There are in fact distinctions to be made between these four aspects. While there seem to be no hard and fast rules of separation, it might be useful to consider the following:

  • Principles define the purposes for which this Treaty is being crafted
  • Elements define the tools and structures being used to craft the Treaty
  • Scope defines the domain range of activity, both in terms of specific weapons to be covered and jurisdictions of authority, oversight, etc.
  • Objectives define what the Treaty will allow us to accomplish once it is completed and formally adopted

In this light, the following delegate comments on objectives seemed particularly pertinent.

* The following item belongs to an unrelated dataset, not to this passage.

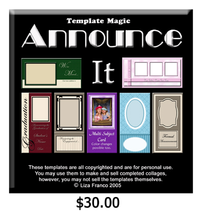 These templates are the perfect way to announce the arrival of a new baby, a graduation, engagement/wedding/formal event or that you have moved. There is also an all purpose card included. These print as 2-4”x8” cards on an 8”x10” sheet. The announcements will fit in a long letter envelope. Some have the possibility of Color/Hue change. You can offer your clients announcements that are fresh and new. Look for Announce It 2 which is set for release Summer 2006.

  • Indonesia raised two points germane to objectives: Enhancing regional stability and increasing the predictability of contracts.
  • India noted that objectives should be clearly outlined in a separate Treaty article. India also noted that the prevention of the diversion of weapons should be reflected in the objectives.
  • Ghana noted that the ATT should prevent weapons-related human rights abuses and violations of international law.
  • Russia reinforced the need for diversion at the center of ATT objectives and also the strengthening of national level controls on domestic arms circulation.
  • The ICRC reiterated that at ATT must protect human health and dignity, and prevent war crimes.
  • Israel noted that an ATT must prohibit any transfer of weapons to terrorists or the territories under their control.
  • Nicaragua asserted that an ATT must eliminate illicit arms trafficking.
  • Egypt asserted that we should look to the UN Charter for approved language on objectives. (Egypt also urged the Chair to provide a revised paper on principles as soon as possible).
  • Ambassador Moritan finally took the floor. His first comment was to complain about the UN’s new headphones! He then affirmed the broad array of opinions expressed, the major ideas shared and remaining points of contention. He noted that he has an idea of the direction of the work remaining to be done and he will use the Friends of the Chair to assist in resolving outstanding issues.
  • He also urged delegates to adopt more practical working methods to properly address the mandate laid out by the GA.
  • The Friends will be convening meetings on Monday and Tuesday in sessions to which NGO access has not yet been determined. Ambassador Moritan will be involved with informal briefings prior to Wednesday’s next general session.